Simon is articulate about his craft. Many songwriters dodge interpretive discussions, but Simon will dig in, talking about a tune with the fluid confidence of a seminar master. Indeed, he has taught a few songwriting classes, and can cut loose about "pressure to keep music either raw and unsophisticated or to keep it young. On the one hand, that might make rock vital, but on the other, one reason my generation has stopped listening to music is that it doesn't have anything to do with their lives. In the '60s, it was what was happening in your life, in the life of your community. Now you hear what's happening in the life of an adolescent community. I wanted to say what I had to say, and have my generation say, 'This is about our life. Not about our children.' "
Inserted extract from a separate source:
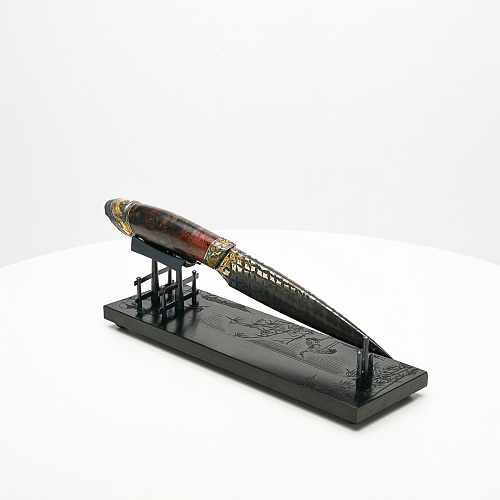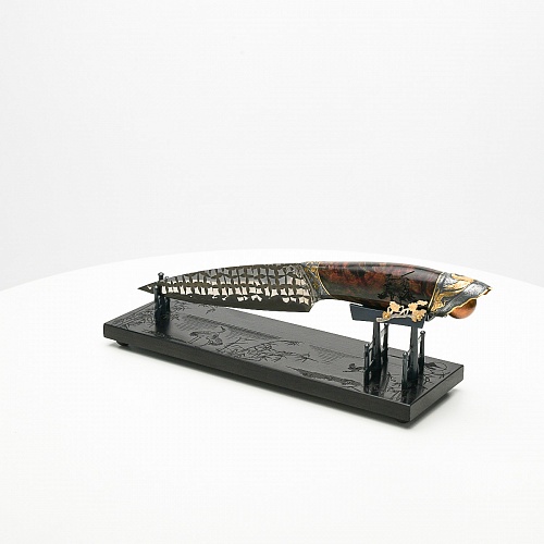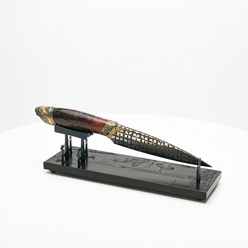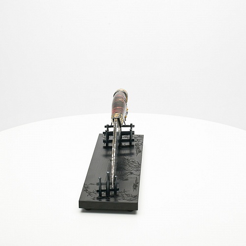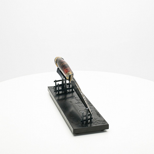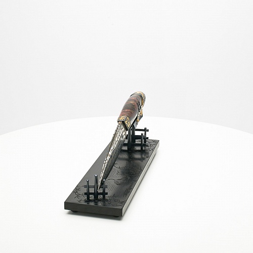 Навершие в виде медного шара олицетворяет рассвет, восходящее солнце, которое широко узнаваемо как символ на флаге Японии. На рукояти тонко выгравирована миниатюра, изображающая, как два самурая оттачивают технику в тренировочном бою, чтобы быть готовыми защитить своего императора. Платформа из черного граба, на которой установлена вся композиция, украшена тончайшей гравировкой с изображением бамбука и японских журавлей.

That sounds a little defensive, as well as prideful, for a past master songwriter who is passing 43. It may be that when Simon embarked on the project that was to become his splendid new album, Graceland, he was, in his own words, "not hot in any way." One-Trick Pony, the 1980 feature film he wrote and starred in, bottomed out at the box office. A 1983 tour with his old partner Art Garfunkel was a nostalgic about-face. Hearts and Bones, in 1983, did not even offer up one high-charting song, a novel situation indeed for the author of such classics as Bridge Over Troubled Water and Mrs. Robinson. What was needed, clearly, was something a little different. It was called Gumboots.
A musician pal of Simon's passed him a bootleg cassette of instrumental music with that intriguing name, subtitled Accordion Jive Hits, Volume II. Simon played it all during the summer of 1984, hearing in its unsprung beat echoes of old rhythm and blues, '50s style. The music on the tape turned out to be mbaqanga, or "township jive," from the streets of Soweto. Simon became obsessed. In January 1985, he took off for South Africa and began to record with Soweto's Boyoyo Boys, Tao Ea Matsekha (a group from Lesotho), and General M.D. Shirinda and the Gaza Sisters. "It was very interesting," Simon reports, "but very strange."